All of the data should be reproduced word for word, though its pictures must be omitted.

**Exercise data:**

_ _ _ _ _

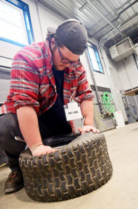 - Admiral Peary Area Vocational Technical School senior Tomas Lee of Portage Area High School works to mount a lawn tractor tire in the Motorcycle Service Technology competition during the SkillsUSA Pennsylvania Division 7 Competition at Roundhouse Harley-Davidson in Duncansville on Tuesday. Mirror photo by Patrick Waksmunski
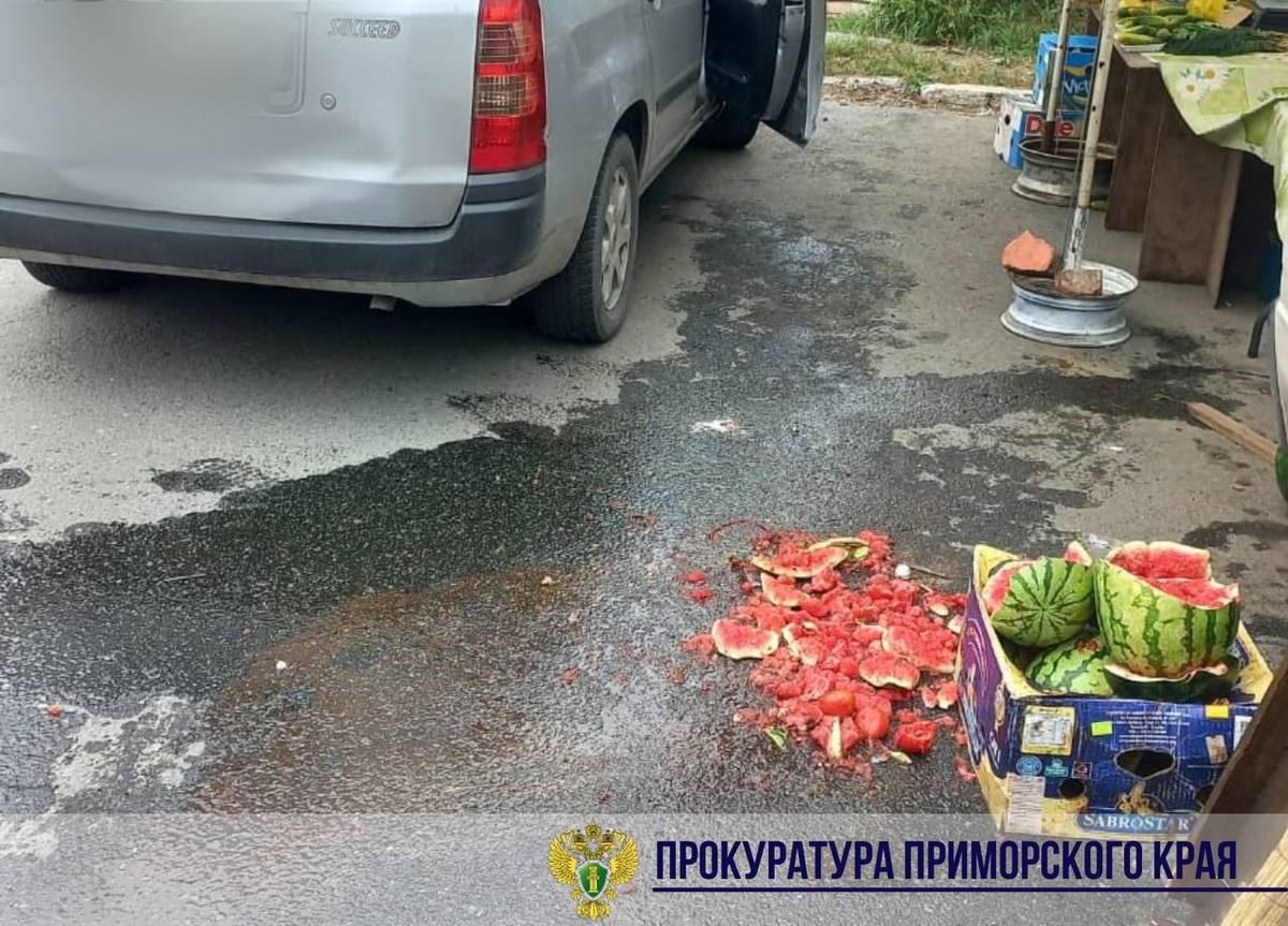 В Находке мужчина на универсале сдавал назад и наехал на прилавок с овощами и фруктами, где в этот момент находились люди. Пострадали ребёнок, его мать и пенсионерка. Автомобиль также раздавил коробку с арбузами.
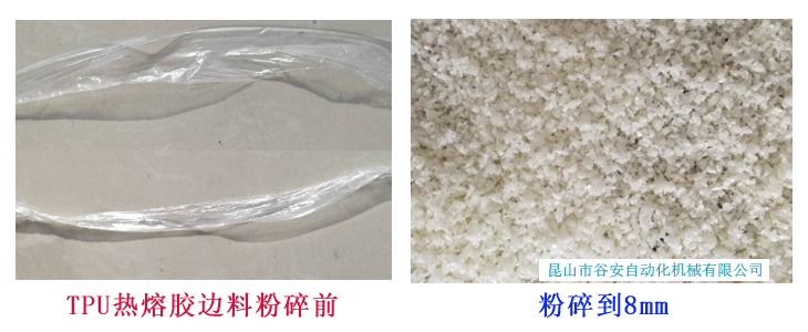 粉碎原料的厚度范圍為0.5-3mm。【如其它厚度材料,請(qǐng)訂購(gòu)時(shí)加以注明】。

_ _ _ _ _

**Result for this exercise:**
 - Admiral Peary Area Vocational Technical School senior Tomas Lee of Portage Area High School works to mount a lawn tractor tire in the Motorcycle Service Technology competition during the SkillsUSA Pennsylvania Division 7 Competition at Roundhouse Harley-Davidson in Duncansville on Tuesday. Mirror photo by Patrick Waksmunski
 В Находке мужчина на универсале сдавал назад и наехал на прилавок с овощами и фруктами, где в этот момент находились люди. Пострадали ребёнок, его мать и пенсионерка. Автомобиль также раздавил коробку с арбузами.
 粉碎原料的厚度范圍為0.5-3mm。【如其它厚度材料,請(qǐng)訂購(gòu)時(shí)加以注明】。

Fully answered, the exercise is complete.